Integral using partial fraction

1. Jul 1, 2010

Telemachus

1. The problem statement, all variables and given/known data

I must solve using partial fractions:

$$\displaystyle\int_{}^{}\displaystyle\frac{dx}{8x^3+1}$$

3. The attempt at a solution

The only real root for the denominator: $$-\displaystyle\frac{1}{2}$$

Then $$8x^3+1=(x+\displaystyle\frac{1}{2})(8x^2-4x+2)$$

Then I did:

$$\displaystyle\frac{1}{(x+\displaystyle\frac{1}{2})(8x^2-4x+2)}=\displaystyle\frac{A}{(x+\displaystyle\frac{1}{2})}+\displaystyle\frac{Bx+C}{(8x^2-4x+2)}$$

I constructed the system:

$$A=\displaystyle\frac{1}{6}$$ $$B=\displaystyle\frac{-4}{3}$$ $$C=\displaystyle\frac{4}{3}$$

$$\displaystyle\int_{}^{}\displaystyle\frac{dx}{8x^3+1}=\displaystyle\frac{1}{6}\displaystyle\int_{}^{}\displaystyle\frac{dx}{(x+\displaystyle\frac{1}{2})}dx-\displaystyle\frac{4}{3}\displaystyle\int_{}^{}\displaystyle\frac{x-1}{(8x^2-4x+2)}dx$$

Completing the square $$8x^2-4x+2=8(x-\displaystyle\frac{1}{4})^2+\displaystyle\frac{3}{2}$$

$$\displaystyle\int_{}^{}\displaystyle\frac{x-1}{(8x^2-4x+2)}dx=\displaystyle\int_{}^{}\displaystyle\frac{x-1}{8(x-\displaystyle\frac{1}{4})^2+\displaystyle\frac{3}{2}}dx$$

$$\displaystyle\int_{}^{}\displaystyle\frac{x-1}{8(x-\displaystyle\frac{1}{4})^2+\displaystyle\frac{3}{2}}=\displaystyle\int_{}^{}\displaystyle\frac{x}{8(x-\displaystyle\frac{1}{4})^2+\displaystyle\frac{3}{2}}dx-\displaystyle\int_{}^{}\displaystyle\frac{1}{8(x-\displaystyle\frac{1}{4})^2+\displaystyle\frac{3}{2}}dx$$

$$t=x-\displaystyle\frac{1}{4}\Rightarrow{x=t+\displaystyle\frac{1}{4}}$$
$$dt=dx$$

$$\displaystyle\int_{}^{}\displaystyle\frac{x}{8(x-\displaystyle\frac{1}{4})^2+\displaystyle\frac{3}{2}}dx=\displaystyle\int_{}^{}\displaystyle\frac{t+\displaystyle\frac{1}{4}}{8t^2+\displaystyle\frac{3}{2}}dt=\displaystyle\frac{1}{8}\displaystyle\int_{}^{}\displaystyle\frac{t}{t^2+\displaystyle\frac{3}{2}}dt+\displaystyle\frac{1}{32}\displaystyle\int_{}^{}\displaystyle\frac{dt}{t^2+\displaystyle\frac{3}{2}}$$

Am I on the right way?
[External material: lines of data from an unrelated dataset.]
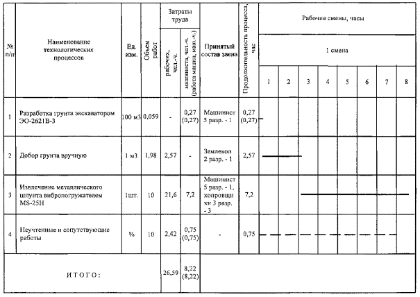 6.1 Трудоемкость выполнения работ по извлечению металлического шпунта вибропогружателем MS-25H, характеризующая использование материально-технических и трудовых ресурсов, определена в калькуляции трудовых затрат и машинного времени по «Единым нормам и расценкам на строительные, монтажные и ремонтно-строительные работы» и приведена в таблице 7.
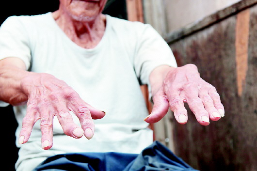 看着墙上立着的镰刀、耙子、镐、铁锨,刘凤土说:“15年来每年都会用坏一把铁锨,镰刀也坏过,都不知道丢了多少把,双手都变扭曲了,才几个月的光景,什么东西一不用就生了锈,没有用了。”站在村子里的生产路上,刘凤土应该是欣喜的,但是老人有几丝失落,他依旧希望手里的工具亮起来,不想它们再也没有用武之地。
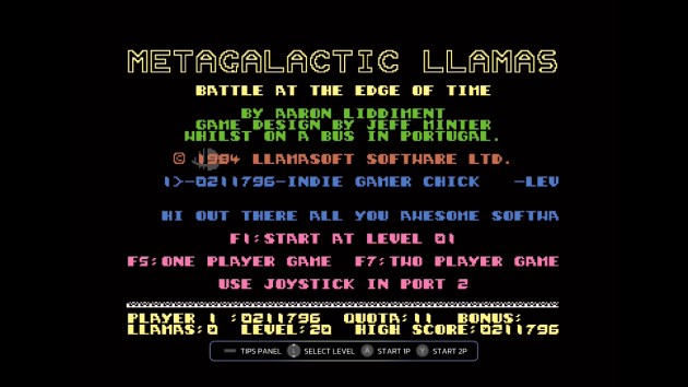 What’s missing? Well I almost said “Giles the Goat” but he does show up in the final non-Heart of Neon (AHHHHHHH! Mother f*cker, Cathy! There is something wrong with you!) trailer in timeline, called “Llamasoft’s Later Years.” But the timeline is missing a few things that I would have enjoyed a lot. One of my favorite features in Making of Karateka were the audio commentaries. Now those would be harder to do in non-linear games. No doubt about it, and the majority of games in this collection are arcaders. But, I have faith that Digital Eclipse could come up with a solution anyway. Maybe situational things where the actions pauses to load the commentary when, say, a new enemy first appears or when a level theme changes. Then the action resumes afterward with the commentary playing, then it pauses the game if you finish the stage before the commentary finishes. See, those commentaries not only provide game-specific history lessons for people interested in such things (raises hand) but also can serve as inspiration for the next generation of Jeff Minters out there. Plus they’re just plain cool.
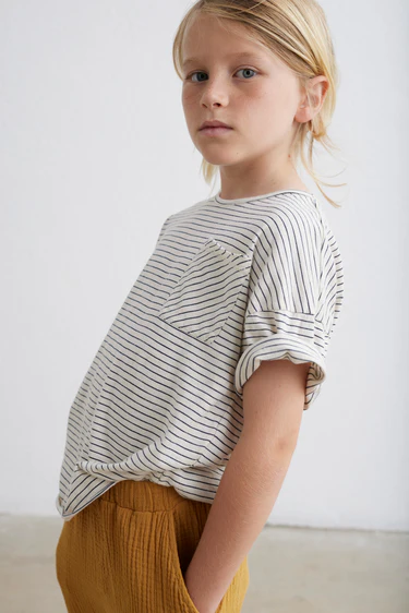 Randig T-shirt i supermjuk, lätt, ekologisk slubbomull. Rund halsringning och lappficka på bröstet. Råkanter vid ärmslut och nederkant. Plaggfärgad. 87% ekologisk bomull, 13% polyester.
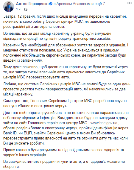 "Вы всегда успеете продать или купить авто, а вот здоровье можете не уберечь. Поэтому пожалуйста, прочитайте внимательно инструкцию по пользованию услугой "Запись в электронную очередь" на сайте ГСЦ МВД и зарегистрируйтесь для того чтобы не тратить свое время в очередях, не рисковать здоровьем и получить услуги в комфортных условиях", - сказал Геращенко.
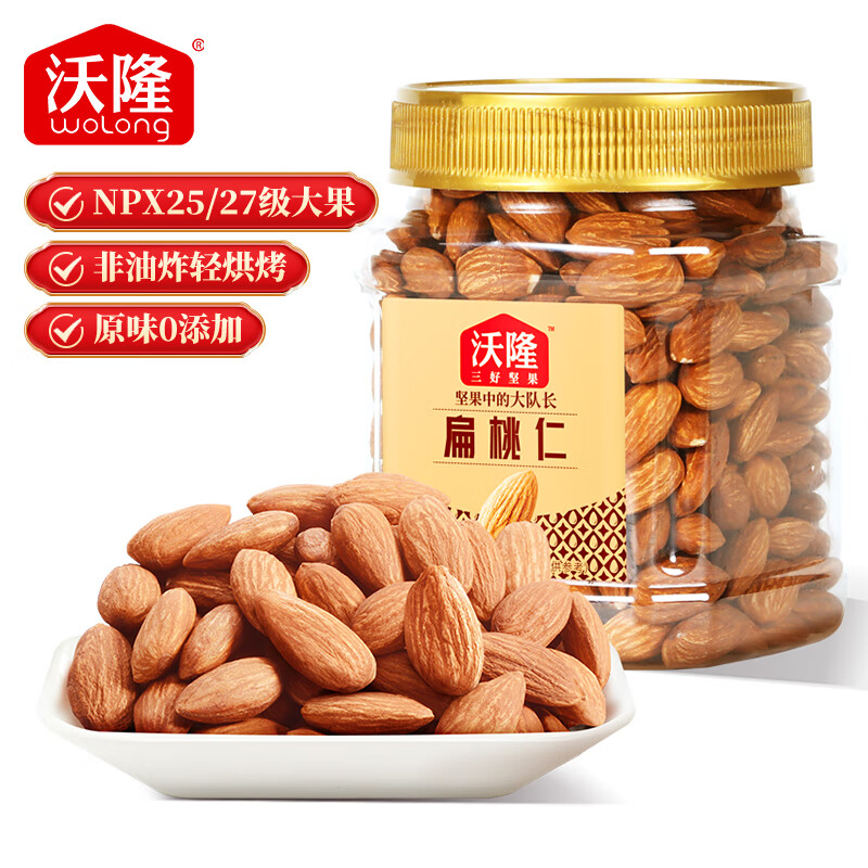 沃隆原味扁桃仁300g罐装巴旦木仁办公室解馋烘焙零食
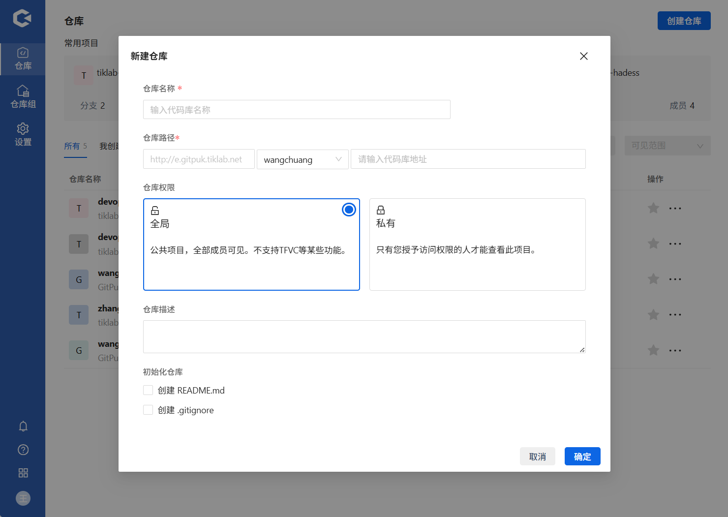 | 初始化仓库 | 否 | 初始化README.md文件 、 .gitignore文件 |
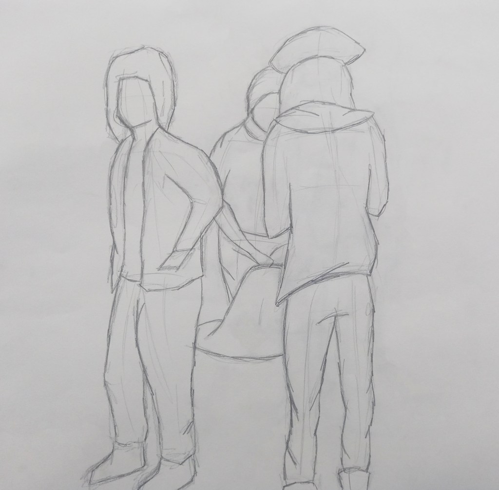 In my independent study I completed 3 figure drawing using the skills and strategies learnt in our session. I gave myself time limits of 15, 10 and 5 minutes to practice working fast and having abit longer for some to develop some details.
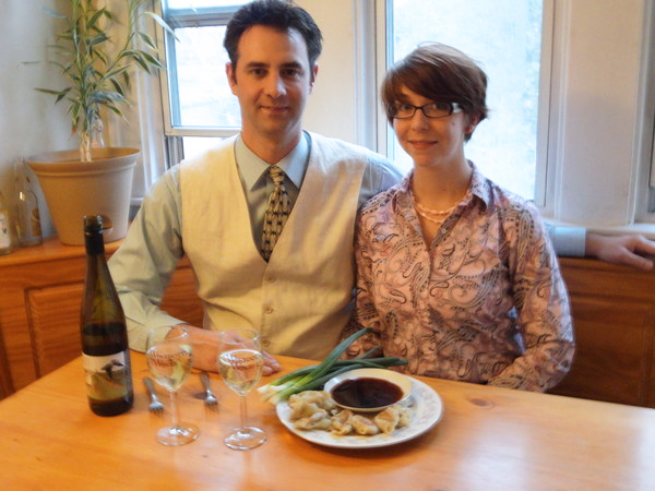 Dan and I were approached by Paula Neuman, a reporter from the Wyandotte Patch to share one of our favorite recipes. Dan selected to make Chinese Dumplings. This is by far one of my favorite dishes he makes for us. It is time consuming, but oh so delicious! Previous to Paula coming over to our home, Dan was visiting one of our clients and told him about what we were about to do. David Reno from Winedotte Wines recommended the white wine called Left Foot Charely's to serve with the Chinese Dumplings. Oh was he right! This Michigan white wine he choose brought out the flavor of the dumplings. It was so yummy! We wanted to gracefully thank Paula Neuman for the opportunity to share this recipe with all of the readers of the Patch, Jason Alley, editor of the Wyandotte Patch for the photo, David Reno for the wonderful wine.
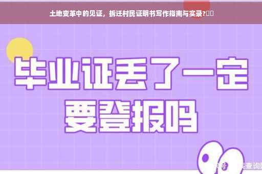 随着城市化进程的加速,拆迁已成为许多地区不可避免的现象,对于被拆迁的村民来说,这不仅是一次生活环境的改变,更是一次身份转变的重要时刻,本文将围绕拆迁村民证明书这一主题展开,通过深入剖析相关背景、意义、作用等方面,为读者呈现一场土地变革中的真实记录与见证。
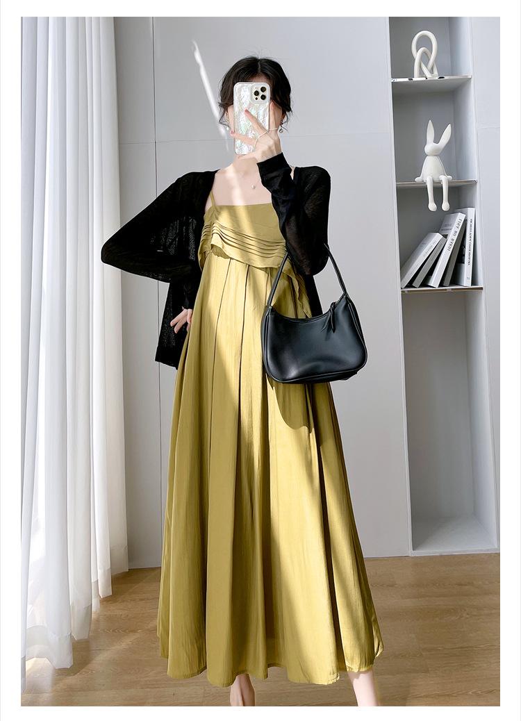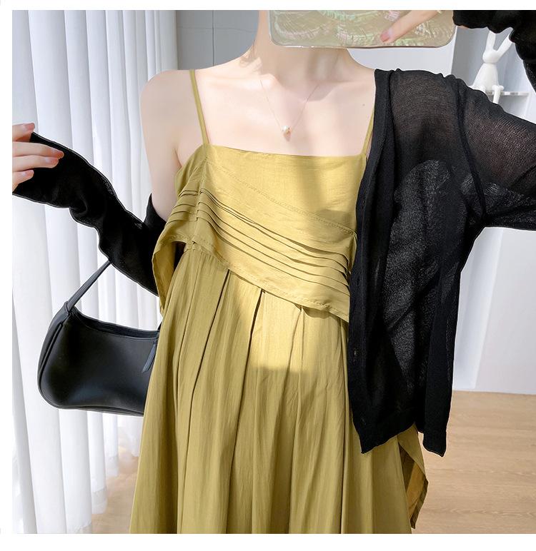 Black Cardigan, Green Sling Vest Dress, Royal Blue Slip Skirt, Apricot Slip Skirt

Its too tedious. The statement says I must use partial fractions, but anyway if you see a simpler way of solving it let me know.

Last edited: Jul 1, 2010
2. Jul 1, 2010

Staff: Mentor

This is the correct approach. You might have made life a little easier on yourself by factoring 8x^3 + 1 into (2x + 1)(4x^2 -2x + 1), thereby eliminating at least some of the fractions.

3. Jul 1, 2010

Telemachus

Didn't realize of it. Thanks Mark44. Too many fractions really. Its killing me :P

4. Jul 1, 2010

The Chaz

This is the kind of problem that you shouls do once, for whatever reason (!), and then use a computer for afterward! Good luck. wolframalpha can verify your results, in case you weren't aware of that resource.